Vertical Viscosity

The vertical viscosity is composed of several components.

  1. The vertical diffusivity computations for the background and shear mixing all save contributions to the viscosity with an assumed turbulent Prandtl number of 1.0, though this can be changed with the PRANDTL_BKGND and PRANDTL_TURB parameters, respectively.

  2. If the ePBL scheme is used, it contributes to the vertical viscosity with a Prandtl number of PRANDTL_EPBL.

  3. If the CVMix scheme is used, it contributes to the vertical viscosity with a Prandtl number of PRANDTL_CONV.

  4. If the tidal mixing scheme is used, it contributes to the vertical viscosity with a Prandtl number of PRANDTL_TIDAL.
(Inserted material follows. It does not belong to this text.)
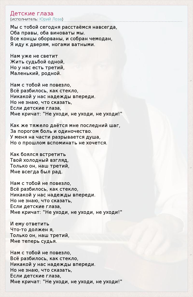 Мы с тобой сегодня расстаёмся навсегда, Оба правы, оба виноваты мы. Все концы оборваны, и собран чемодан, Я иду к дверям, ногами ватными. Нам уже не светит Жить судьбой одной, Но у нас есть третий, Маленький, родной. Нам с тобой не повезло, Всё разбилось, как стекло, Никакой у нас надежды впереди. Но не знаю, что сказать, Если детские глаза, Мне кричат: "Не уходи, не уходи, не уходи!" Как же тяжело даётся мне последний шаг, За порогом боль и одиночество. У меня на части разрывается душа, Но о прошлом вспоминать не хочется. Как боялся встретить Твой холодный взгляд, Только он, наш третий, Мне всегда был рад. Нам с тобой не повезло, Всё разбилось, как стекло, Никакой у нас надежды впереди. Но не знаю, что сказать, Если детские глаза, Мне кричат: "Не уходи, не уходи, не уходи!" И ему ответить Что-то должен я, Только он, наш третий, Мне теперь судья. Нам с тобой не повезло, Всё разбилось, как стекло, Никакой у нас надежды впереди. Но не знаю, что сказать, Если детские глаза, Мне кричат: "Не уходи, не уходи, не уходи!"

Viscous Bottom Boundary Layer

A drag law is used, either linearized about an assumed bottom velocity or using the actual near-bottom velocities combined with an assumed unresolved velocity. The bottom boundary layer thickness is limited by a combination of stratification and rotation, as in the paper of [38]. It is not necessary to calculate the thickness and viscosity every time step; instead previous values may be used.

If set_visc_CS%bottomdraglaw is True then a bottom boundary layer viscosity and thickness are calculated so that the bottom stress is

\[\mathbf{\tau}_b = C_d | U_{bbl} | \mathbf{u}_{bbl}\]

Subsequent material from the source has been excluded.